ABOUT THIS TASK:
Print the records exactly as written, and let no picture into the answer.

PROVIDED RECORDS:
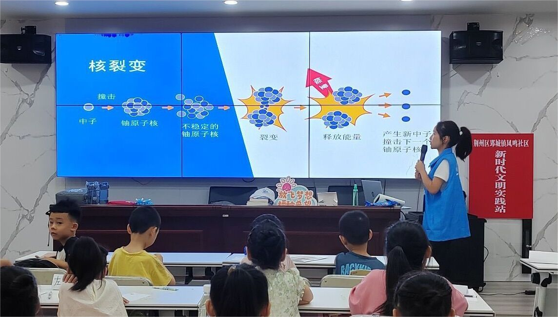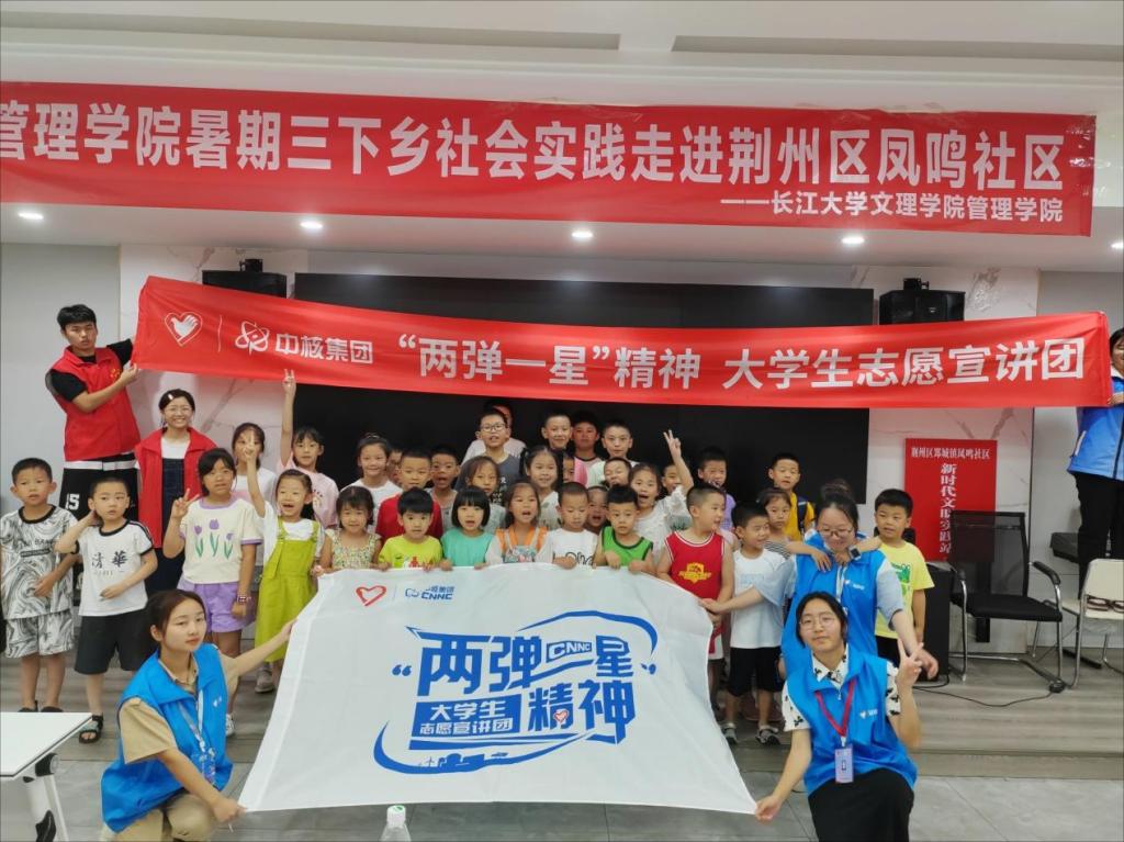 为深入开展学习贯彻习近平新时代中国特色社会主义思想主题教育,大力弘扬“两弹一星”精神及核工业精神,在学思用贯通、知信行统一中感悟思想伟力、汲取奋进力量,7月6日至25日,太阳集团tyc9728管理公司“流研忘返,推普助兴”实践团前往荆州区郢城镇凤鸣社区开展“两弹一星”精神宣讲。活动中,志愿者从“两弹一星”科研人员的艰苦奋斗历史及其精神内涵、我国核工业发展现状、核能基础知识等方面开展了生动活泼的讲解。课堂上,员工反响热烈,积极互动,纷纷表示要努力学习,做好“两弹一星”精神传承人。
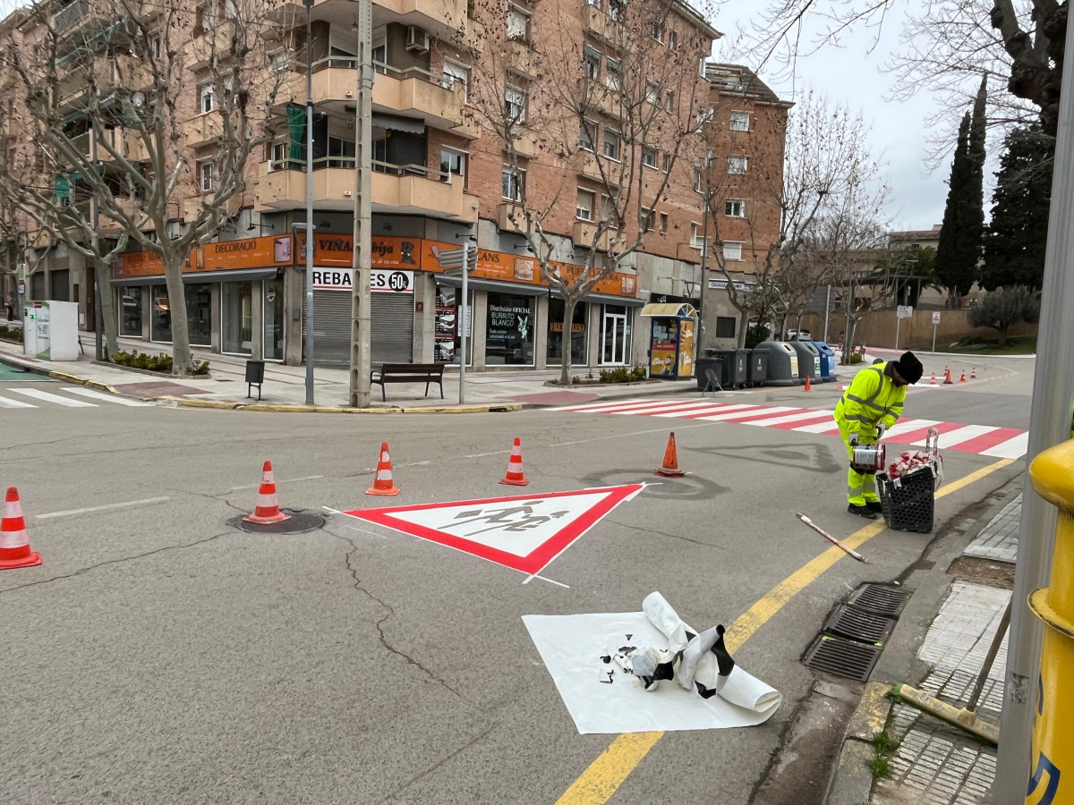 En la zona de l’Institut Voltrera, en l’encreuament entre el passeig de l’Estació i el carrer de Josep Tarradellas, també s’han executat treballs de reasfaltat del paviment i repintat dels passos de vianants, així com el repintat de la senyalització horitzonal.
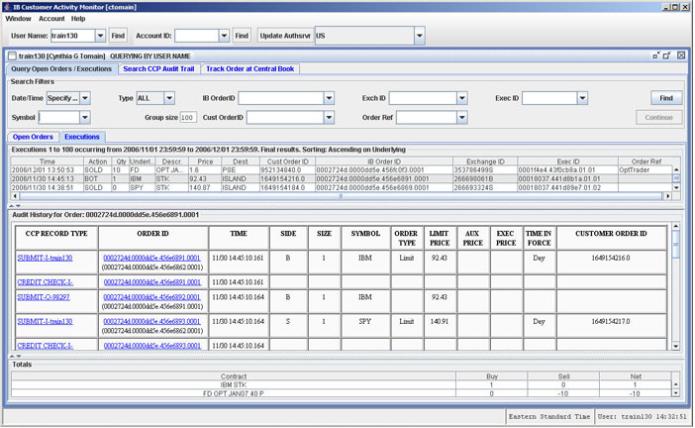 The IB Customer Activity Monitor (CAM) helps Advisors quickly find and view all client activities, including the complete order history and its routing sequence. Our robust user interface displays:
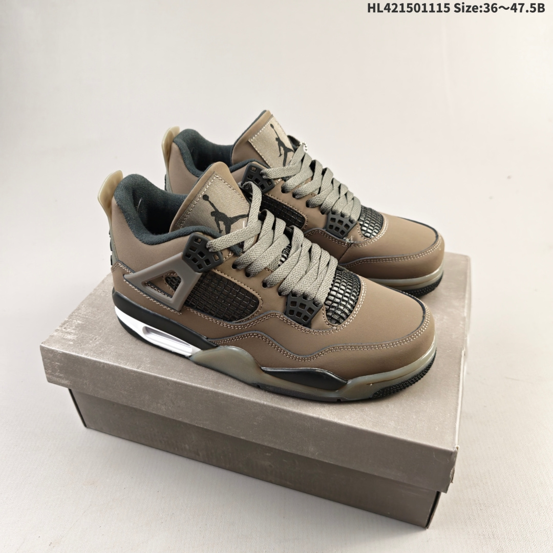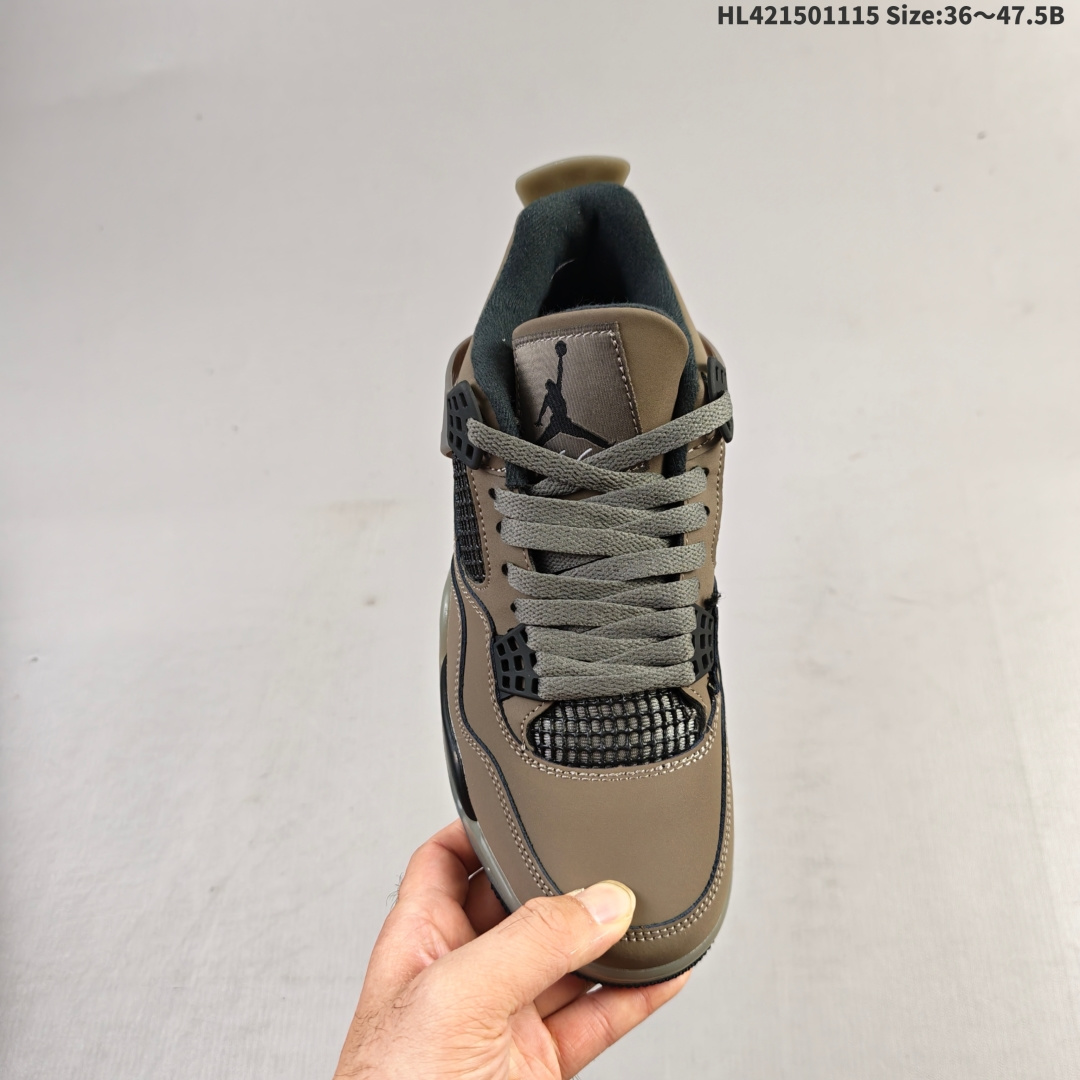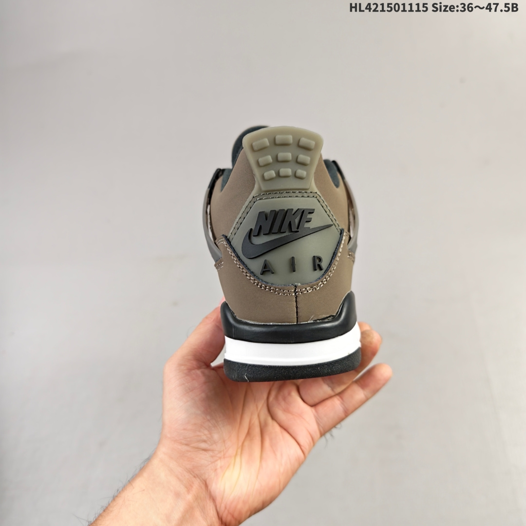 Nike SB x Air Jordan 4 Retro Cave Stone 摩卡棕 AJ4 乔丹4代 aj4 乔4 乔丹4 棕色 乔丹篮球鞋系列 鞋身整体以TS经典大地色为主色调 辅以黑色点缀 搭配棕色的鞋带 让鞋子看起来更有整体感 鞋侧身黑色格网透出摩卡内层 鞋舌顶端棕色的标签 以黑色Jumpman Logo以及白色Flightt刺绣字样 彰显球鞋身份 鞋带孔部位的TPU装饰采用黑色呈现 更具细节感 鞋帮部分和后跟位置的提环使用黑色TPU材质 给鞋身带来更多色彩层次感 后跟Nike Swoosh Logo和Air字样以及外底迷你Jumpman Logo以黑色点缀 中底使用黑棕妆点 呼应鞋身设计 最后以搭载有开窗式Air Maxk气垫的中底收尾
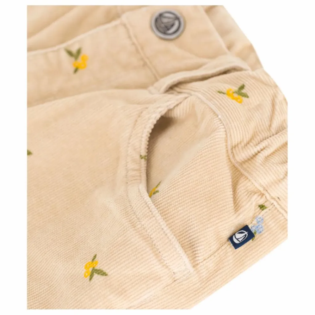 - Taille élastiquée et réglable, avec des passants. Ce pantalon s’ajuste à la morphologie de l’enfant. Ouverture avec bouton pression et zip.
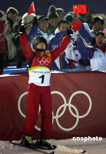 都灵时间2月22日晚,中国选手李妮娜在冬奥会自由式滑雪空中技巧决赛中以197.39分的成绩夺得银牌。作者:武仲林
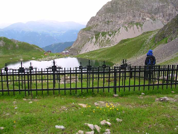 Hier hält man links in Richtung Sella dei Frugnoni, Weg Nr. 160, wo man auf 2.539 m die Grenze zu Österreich am Karnischen Hauptkamm überschreitet. Danach geht es gemütlich abwärts zur Obstandsereehütte am gleichnamigen See.
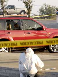 Peritos de Monterrey revisan el estacionamiento de un centro comercial en la colonia Valle Soleado, donde fueron asesinados este jueves cuatro presuntos pistoleros
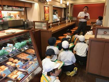 6月6日(木)、3回目の町たんけんに出かけました。今回は、グループに分かれて、4か所(千鳥屋、天満警察署、なにわ翁、ミスタードーナツ)を見学しました。詳しくお話を聞かせていただいたり、質問に答えていただいたり、自分の目で観察したりして、子どもたちは有意義な時間となりました。学校に帰って、見学してきたことをうれしそうに報告していました。今回見学したことは、それぞれの班でまとめて、他の班に発表する予定です。
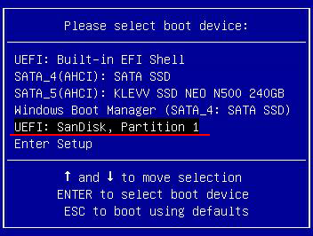 Windows Boot Manager 항목이 보이면 UEFI 부팅 디바이스에서 엔터를 친다.
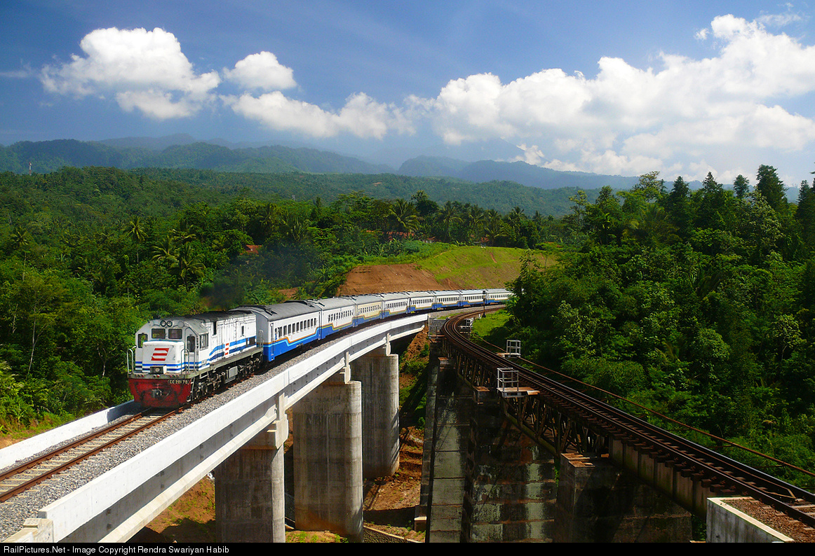 Sawunggalih train was crossing a bridge at Tumiyang village, Purwokerto, Central Java
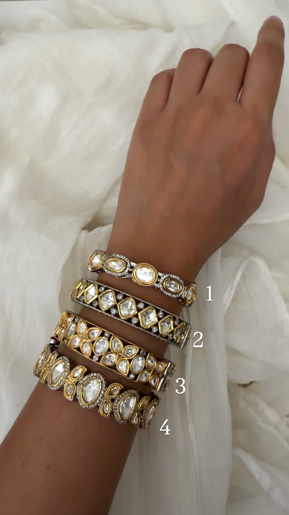 Handcrafted in base metal and white topaz. Openable bangles , come as a single piece.
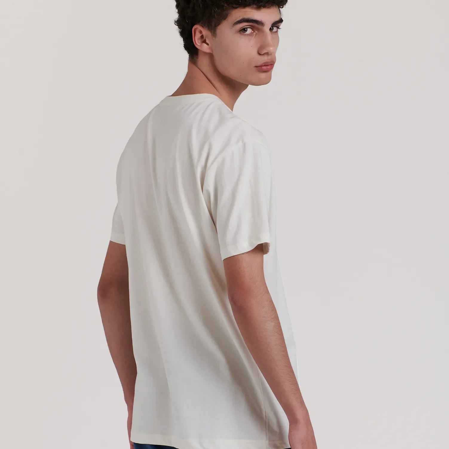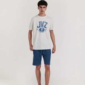 Camiseta de hombre confeccionada 100% en algodón . Print con diseño distintivo y plasmado engomado en el pecho. Cuello redondo y manga corta.
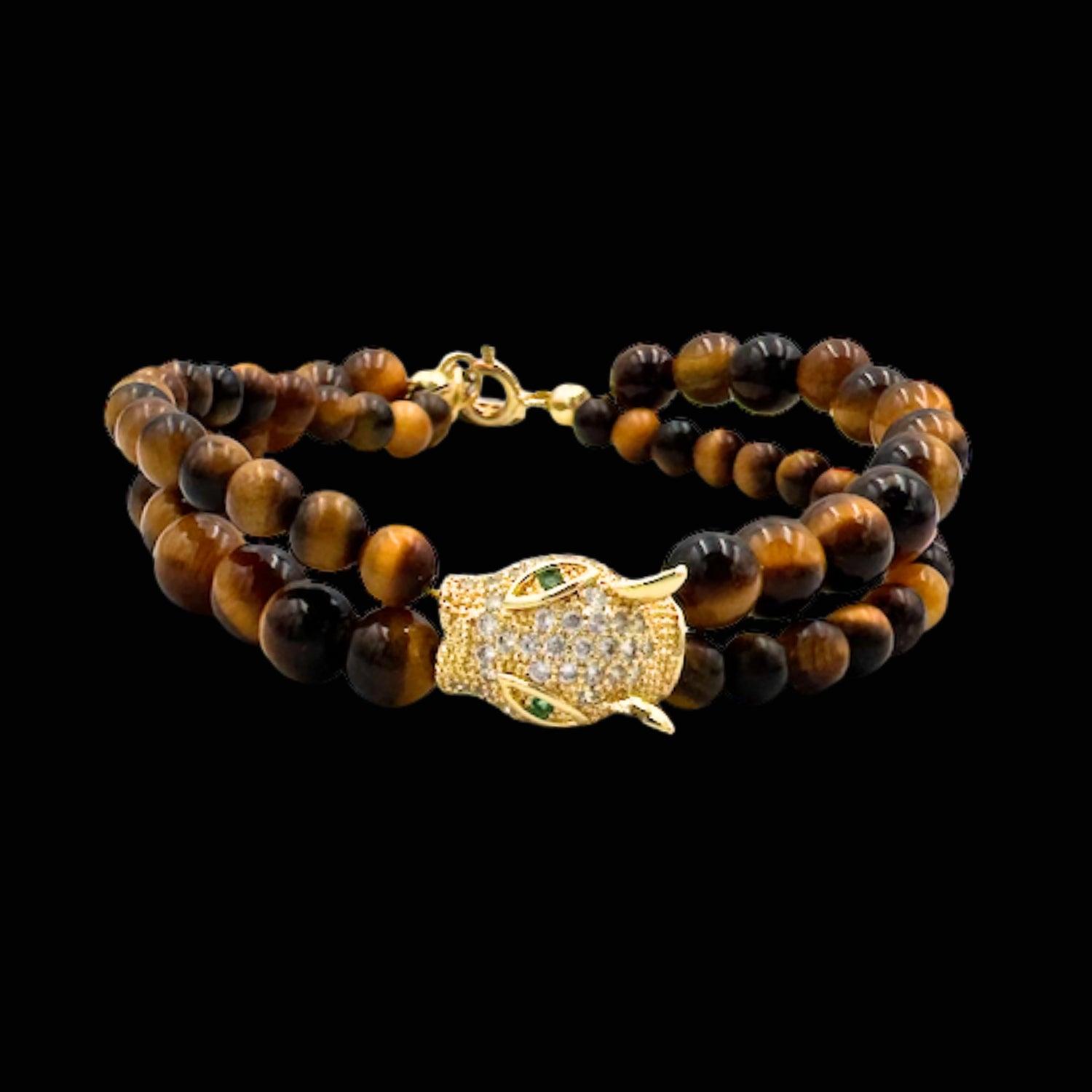Brățară cu Jaguar (Arhetip Șamanic) și Ochi de Tigru pentru forță și încredere în sine

EXERCISE OUTPUT:
 为深入开展学习贯彻习近平新时代中国特色社会主义思想主题教育,大力弘扬“两弹一星”精神及核工业精神,在学思用贯通、知信行统一中感悟思想伟力、汲取奋进力量,7月6日至25日,太阳集团tyc9728管理公司“流研忘返,推普助兴”实践团前往荆州区郢城镇凤鸣社区开展“两弹一星”精神宣讲。活动中,志愿者从“两弹一星”科研人员的艰苦奋斗历史及其精神内涵、我国核工业发展现状、核能基础知识等方面开展了生动活泼的讲解。课堂上,员工反响热烈,积极互动,纷纷表示要努力学习,做好“两弹一星”精神传承人。
 En la zona de l’Institut Voltrera, en l’encreuament entre el passeig de l’Estació i el carrer de Josep Tarradellas, també s’han executat treballs de reasfaltat del paviment i repintat dels passos de vianants, així com el repintat de la senyalització horitzonal.
 The IB Customer Activity Monitor (CAM) helps Advisors quickly find and view all client activities, including the complete order history and its routing sequence. Our robust user interface displays:
 Nike SB x Air Jordan 4 Retro Cave Stone 摩卡棕 AJ4 乔丹4代 aj4 乔4 乔丹4 棕色 乔丹篮球鞋系列 鞋身整体以TS经典大地色为主色调 辅以黑色点缀 搭配棕色的鞋带 让鞋子看起来更有整体感 鞋侧身黑色格网透出摩卡内层 鞋舌顶端棕色的标签 以黑色Jumpman Logo以及白色Flightt刺绣字样 彰显球鞋身份 鞋带孔部位的TPU装饰采用黑色呈现 更具细节感 鞋帮部分和后跟位置的提环使用黑色TPU材质 给鞋身带来更多色彩层次感 后跟Nike Swoosh Logo和Air字样以及外底迷你Jumpman Logo以黑色点缀 中底使用黑棕妆点 呼应鞋身设计 最后以搭载有开窗式Air Maxk气垫的中底收尾
 - Taille élastiquée et réglable, avec des passants. Ce pantalon s’ajuste à la morphologie de l’enfant. Ouverture avec bouton pression et zip.
 都灵时间2月22日晚,中国选手李妮娜在冬奥会自由式滑雪空中技巧决赛中以197.39分的成绩夺得银牌。作者:武仲林
 Hier hält man links in Richtung Sella dei Frugnoni, Weg Nr. 160, wo man auf 2.539 m die Grenze zu Österreich am Karnischen Hauptkamm überschreitet. Danach geht es gemütlich abwärts zur Obstandsereehütte am gleichnamigen See.
 Peritos de Monterrey revisan el estacionamiento de un centro comercial en la colonia Valle Soleado, donde fueron asesinados este jueves cuatro presuntos pistoleros
 6月6日(木)、3回目の町たんけんに出かけました。今回は、グループに分かれて、4か所(千鳥屋、天満警察署、なにわ翁、ミスタードーナツ)を見学しました。詳しくお話を聞かせていただいたり、質問に答えていただいたり、自分の目で観察したりして、子どもたちは有意義な時間となりました。学校に帰って、見学してきたことをうれしそうに報告していました。今回見学したことは、それぞれの班でまとめて、他の班に発表する予定です。
 Windows Boot Manager 항목이 보이면 UEFI 부팅 디바이스에서 엔터를 친다.
 Sawunggalih train was crossing a bridge at Tumiyang village, Purwokerto, Central Java
 Handcrafted in base metal and white topaz. Openable bangles , come as a single piece.
 Camiseta de hombre confeccionada 100% en algodón . Print con diseño distintivo y plasmado engomado en el pecho. Cuello redondo y manga corta.
Brățară cu Jaguar (Arhetip Șamanic) și Ochi de Tigru pentru forță și încredere în sine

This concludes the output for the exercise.